Start of Block
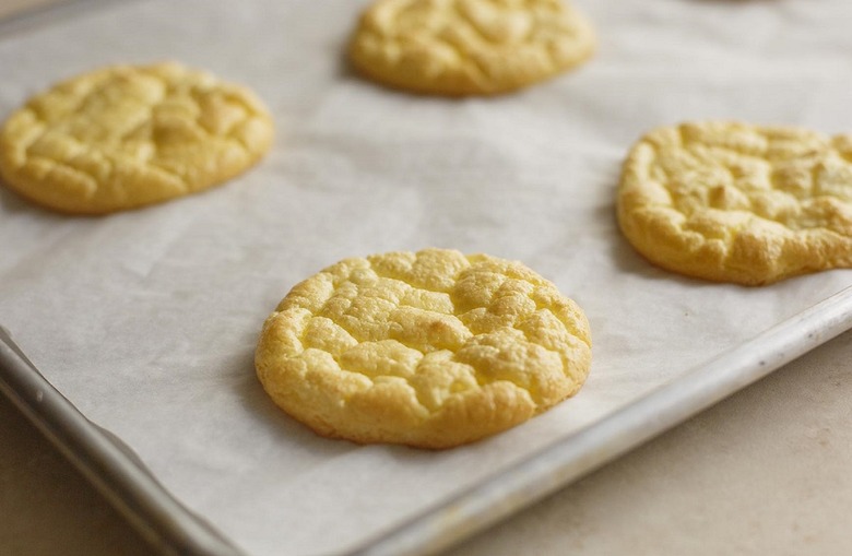 The cloud bread will need to bake for about 25 minutes or until it's golden brown. Make sure you move the bread to a wire cooling rack once it's done, which is one baking tip every home cook should know.
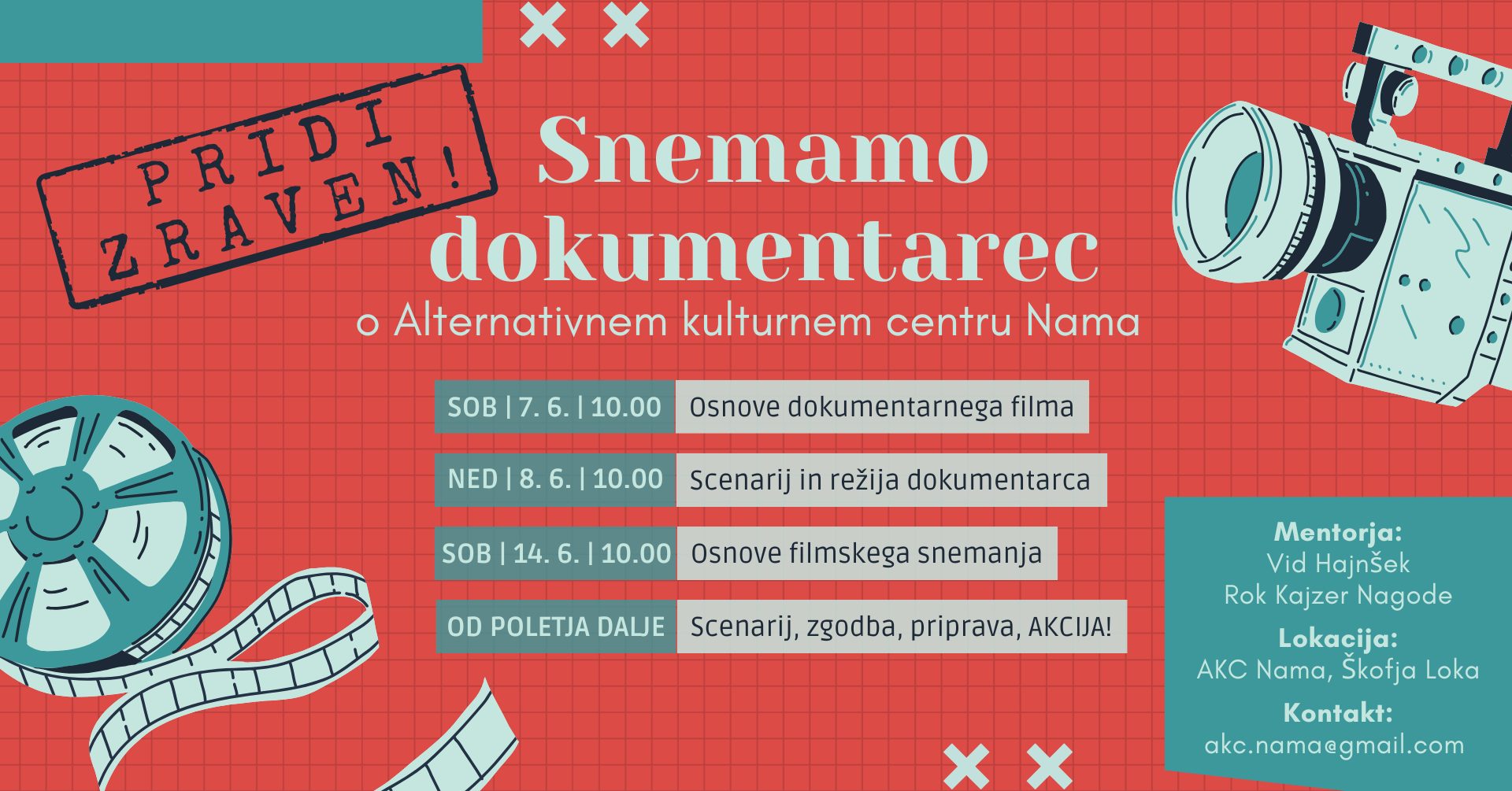 Vabljeni vsi, ki bi se radi naučili kaj novega, pa tudi vsi ostali, ki bi radi postali del filmske ekipe, ki bo snemala dokumentarec o AKC Nama, ter k njemu prispevali kot pisci, snemalci, montažerji. Dobrodošli vsi kreativci z dobrimi idejami, za vsakega se bo našlo mesto.
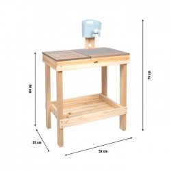Suurepärane mudamängu lõbu kompaktses formaadis! See mudaköök on valmistatud vastupidavast täispuidust, ilmastikukindlalt värvitud halli kontrastse töötasapinnaga, millel on pliidiplaat ja graveeritud "puutetundlik juhtimine", eemaldatav veejaotur veekraaniga, stabiilne plastkauss ja rohke hoiuruum tänu suurele hoiukastile. Mänguasjade hoiustamiseks mõeldud süvendid on plussiks korrasolekule. Ideaalne väikestesse aedadesse, terrassidele või rõdudele – ühtlasi vastupidav, stiilne ja funktsionaalne. Multifunktsionaalne mudajaam sobib suurepäraselt ka laste mängulauaks!
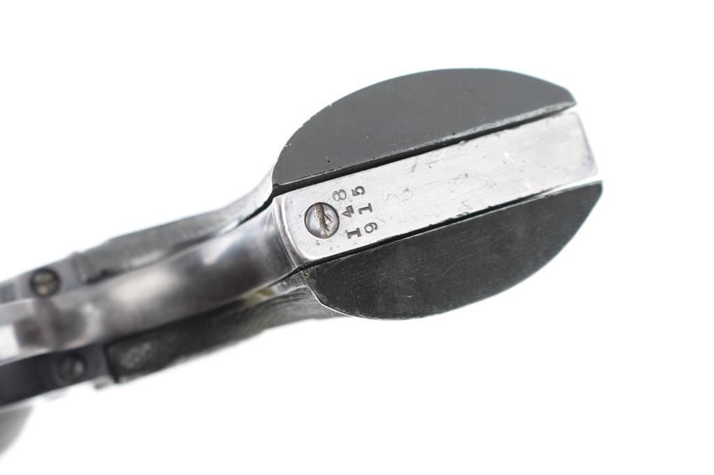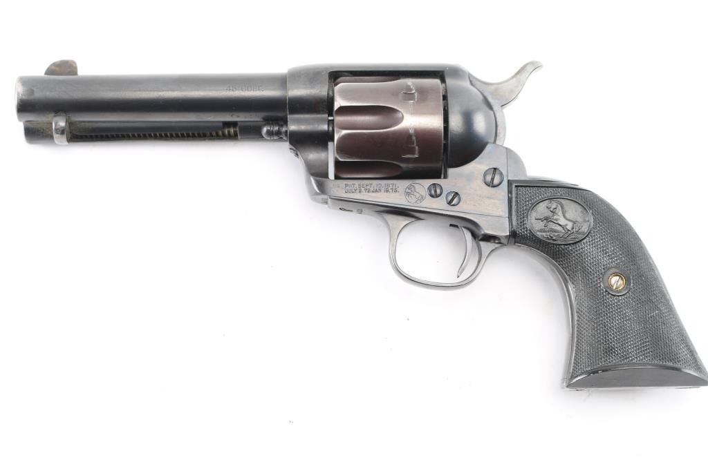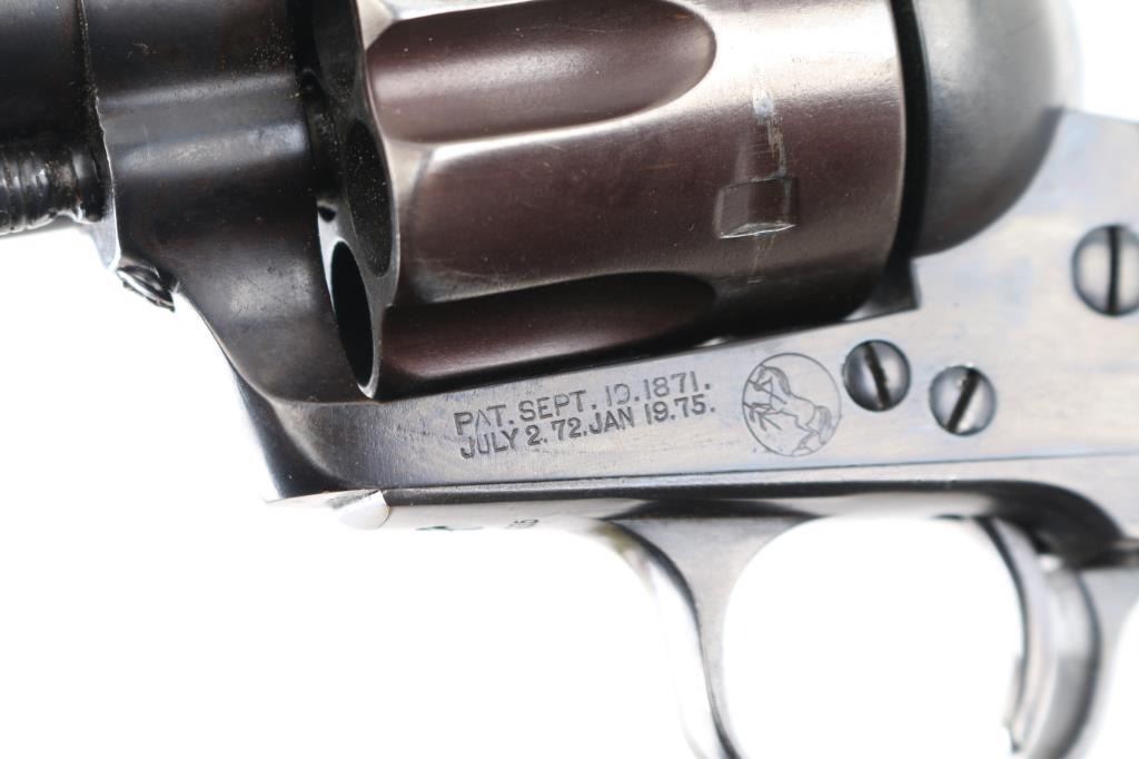 Restored. Antique 1st Generation SAA manufactured 1892. 4 3/4" barrel with front blade and v-notch rear sights. Top of barrel stamped "COLT'S PT.F.A.MFG. CO HARTFORD CT. U.S.A." in two lines. Two-line black powder patent dates are visible on the left frame, along with the 'Rampant Colt'. "45 Colt" stamped on left barrel. The serial number matches on the frame, triggerguard, and backstrap, assembly number '677' on the loading gate, all marking are clear, except for the barrel address, which is readable, but a little shallow from the re-blue. The grips are later replacements. Bore is fair with strong rifling, but has some light scattered pitting. Action is crisp, and hammer locks up tight. The replaced grips are excellent. Reblued finish is very good, with minor muzzle wear, tracking, and edge wear on the refinished plum colored cylinder. NRA Condition-Good/Restored. Antique Firearm.
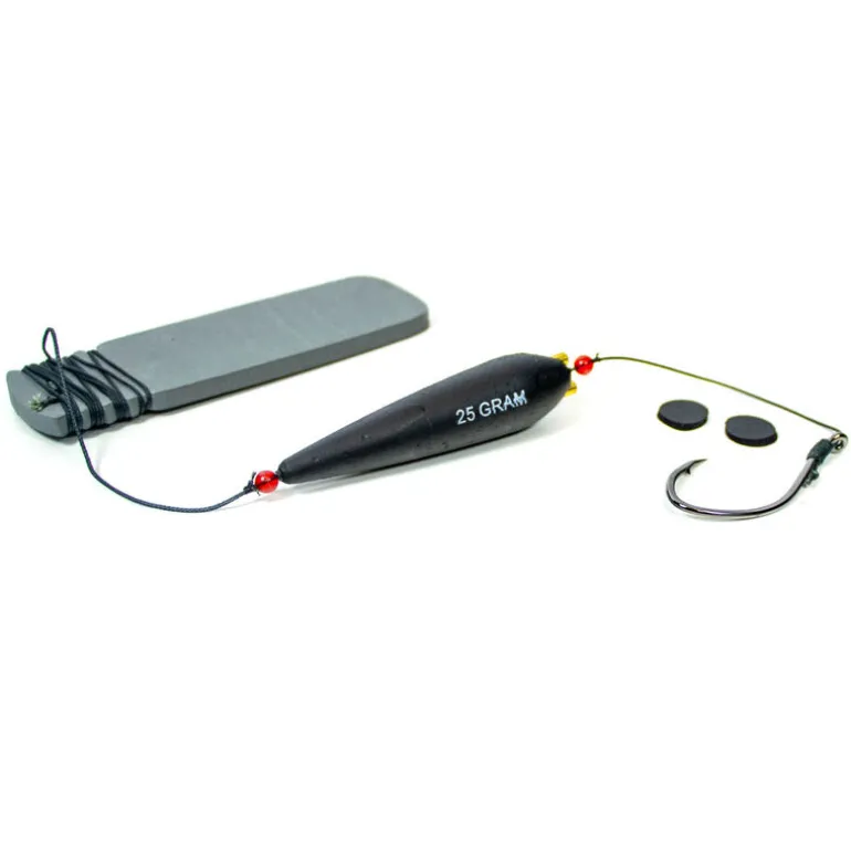 Un bas de ligne d’1m60 avec un flotteur de 25gr et un hameçon simple en 6/0 il vous permettra de pouvoir présenter votre appâts dans le courant en le décollant du fond.
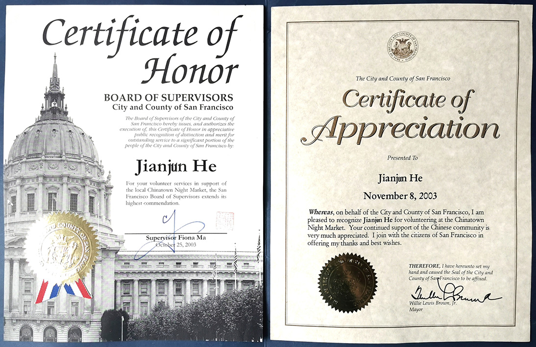 旧金山市市长布朗和监督委员会主管菲奥娜·马为旅美画家何建军颁发的证书
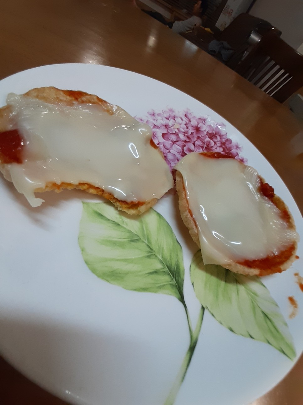 まず、ポン菓子を2個、お皿の上に並べて置きます。これがピザの生地の代わりになります。少し硬くなってしまったポン菓子も、このレシピで美味しく食べられますよ。
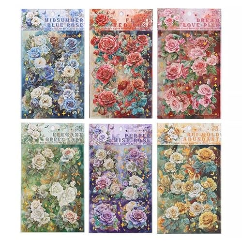 金箔押し型抜きシールシート。特油で光沢感あり、立体感も楽しめるPETシール。鮮やかな花柄で、おしゃれなコラージュ素材。耐水性あり、手帳や日記、写真アルバムのデコレーションに最適。
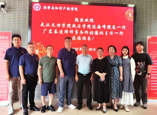 2025年7月22日,太阳成集团tyc539经理陈海峰老师、法学系主任罗平老师、法学系赵梦思老师一行,在广东泰逢律师事务所主任张德欣等人陪同下,赴广东技术师范大学法学与知识产权公司开展调研交流。广东技术师范大学法学与知识产权公司经理黄俊辉、党委副书记李雪斌、法律系副主任朱腾伟和辅导员伍龙妙出席座谈。双方聚焦法学实践教学的创新突破展开深入探讨,为公司进一步深化实践教学改革汲取经验。
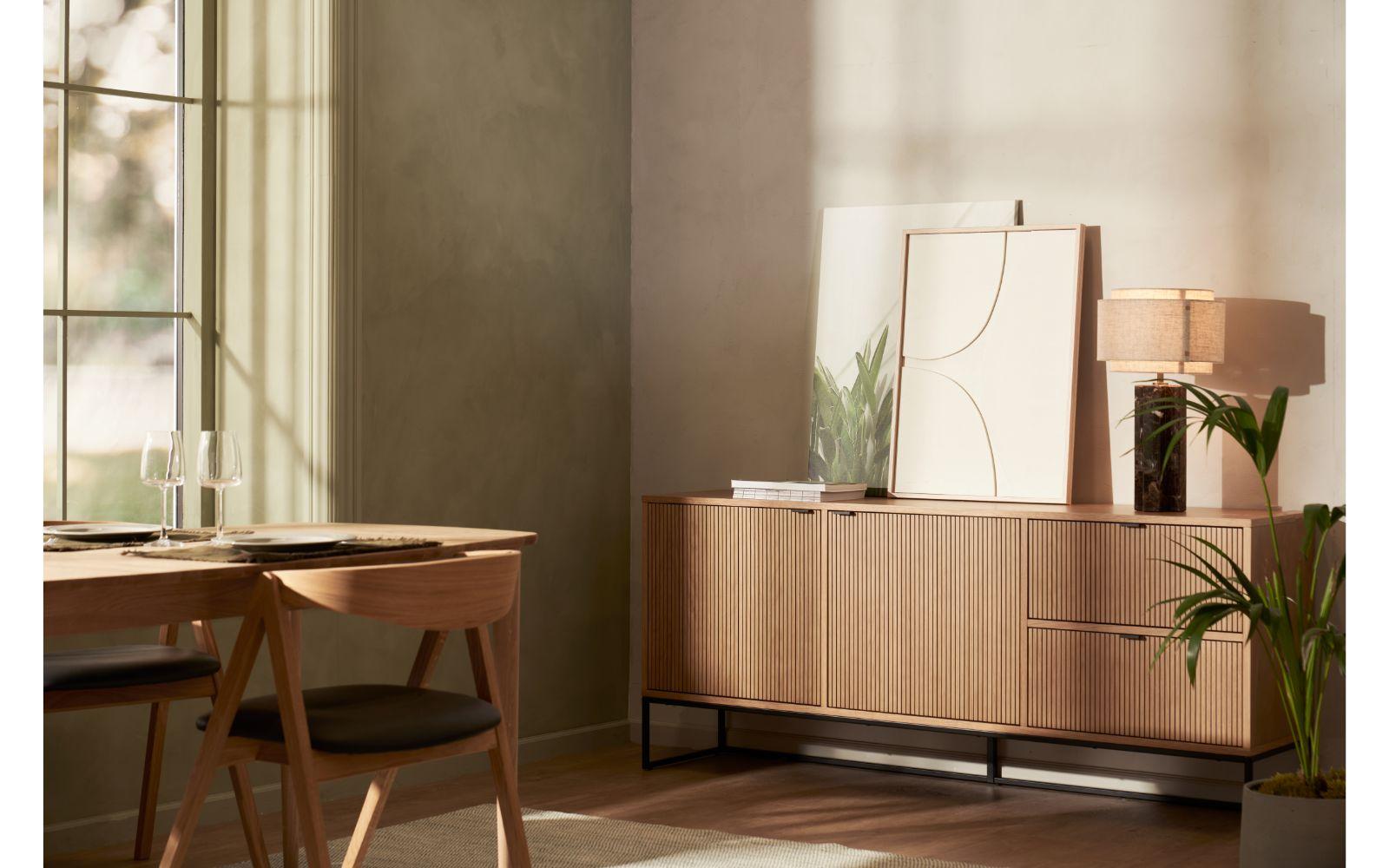 Hvorimod skabe kan virke tunge og klodsede i indretningen , er en skænk det perfekte møbel med luft omkring, så den ikke overtager rummet. Du kan gemme rodet væk bag skabe og låger, samtidig med at du kan vise din yndlingsvase frem, som kan stå som pynt ovenpå skænken.
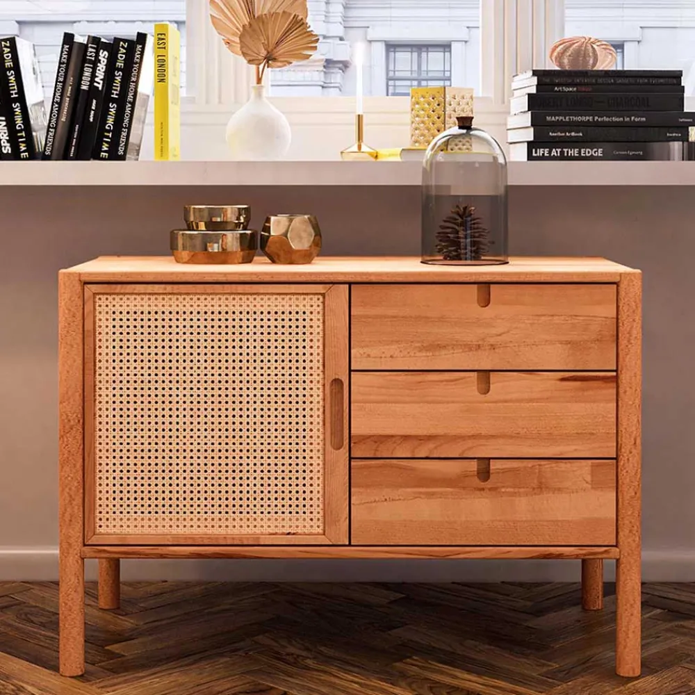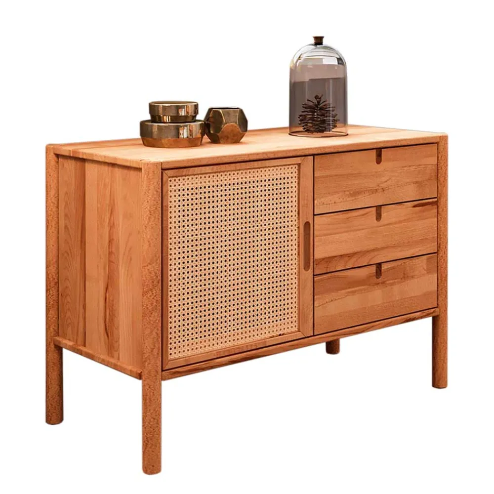Eleganz und Funktionalität vereinen sich in der Kommode „Indrya“, die durch ihr modernes, natürliches Design überzeugt. Das Highlight dieses Möbelstücks ist die harmonische Verbindung aus massiver Wildbuche und Rattan, die Ihrem Wohnraum eine warme und zeitgemäße Atmosphäre verleiht.
End of Block
> _Task details_
From the line with "2025年7月22日,太阳成" down to the final line of the entries above, repeat each line exactly; omit the pictures.

> _Exercise output_
 2025年7月22日,太阳成集团tyc539经理陈海峰老师、法学系主任罗平老师、法学系赵梦思老师一行,在广东泰逢律师事务所主任张德欣等人陪同下,赴广东技术师范大学法学与知识产权公司开展调研交流。广东技术师范大学法学与知识产权公司经理黄俊辉、党委副书记李雪斌、法律系副主任朱腾伟和辅导员伍龙妙出席座谈。双方聚焦法学实践教学的创新突破展开深入探讨,为公司进一步深化实践教学改革汲取经验。
 Hvorimod skabe kan virke tunge og klodsede i indretningen , er en skænk det perfekte møbel med luft omkring, så den ikke overtager rummet. Du kan gemme rodet væk bag skabe og låger, samtidig med at du kan vise din yndlingsvase frem, som kan stå som pynt ovenpå skænken.
Eleganz und Funktionalität vereinen sich in der Kommode „Indrya“, die durch ihr modernes, natürliches Design überzeugt. Das Highlight dieses Möbelstücks ist die harmonische Verbindung aus massiver Wildbuche und Rattan, die Ihrem Wohnraum eine warme und zeitgemäße Atmosphäre verleiht.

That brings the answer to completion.